Sunday, 1 December 2013

Fighting Fire with, well... Fire – A ‘Little Inferno’ Review

Fighting Fire with, well... Fire – A ‘Little Inferno’ Review


 By Owen Jones (Indie Game Pyromaniac) 

I’ve literally just finished playing Little Inferno, and I can confidently say it’s among the stupidest and strangest games I’ve played, and that’s by no means a bad thing. Little Inferno is, as the title suggests, a game about burning things, so if you don’t particularly fancy defacing property or getting in trouble with the law then Little Inferno is a great way to satisfy the pyromaniac within you. I have no idea who thought up this game or who thought it was a good idea, but I’m damn glad they did.

Here’s a wacky trailer for a wacky game:

The trailer doesn’t show any gameplay so I’ll try to briefly explain that now.

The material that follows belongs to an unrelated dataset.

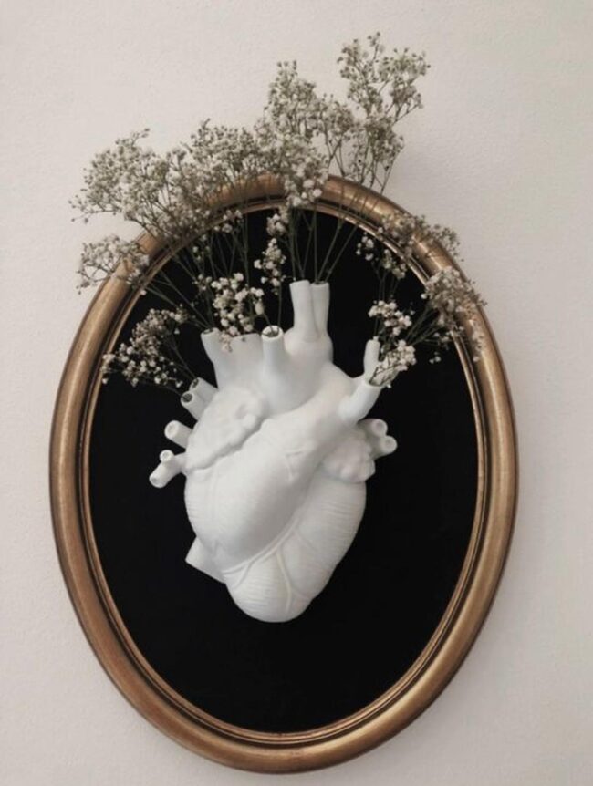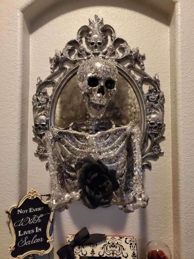 Silver-edged picture frames showcasing bony figures holding dramatic roses create unexpected drama in your space.

Clicking and holding the mouse creates fire for you to burn things in your 'Little Inferno Entertainment Fireplace'. Items cost money and take time to deliver, but do not fear you gain money and stamps by burning things for reasons that are never fully explained, so you can buy more items to burn and receive them faster. There are also combinations for you to find, adding a puzzle element to the game. Though the gameplay gets very dull after two hours or so watching things burn was more fun than I expected, and managed to keep my interest for long enough to complete the game, though only just.
And that’s my primary criticism, the game gets very dull. It’s trying to tell us something about video games, micro transactions and so forth, and though this is interesting stuff it sacrifices a lot of the fun I originally got from Little Inferno. Having to wait for the items to be delivered before I could burn them was a pain, and though the stamps that speed the delivery up lessen the blow they weren’t enough, and as a result I spent many minutes waiting rather than playing.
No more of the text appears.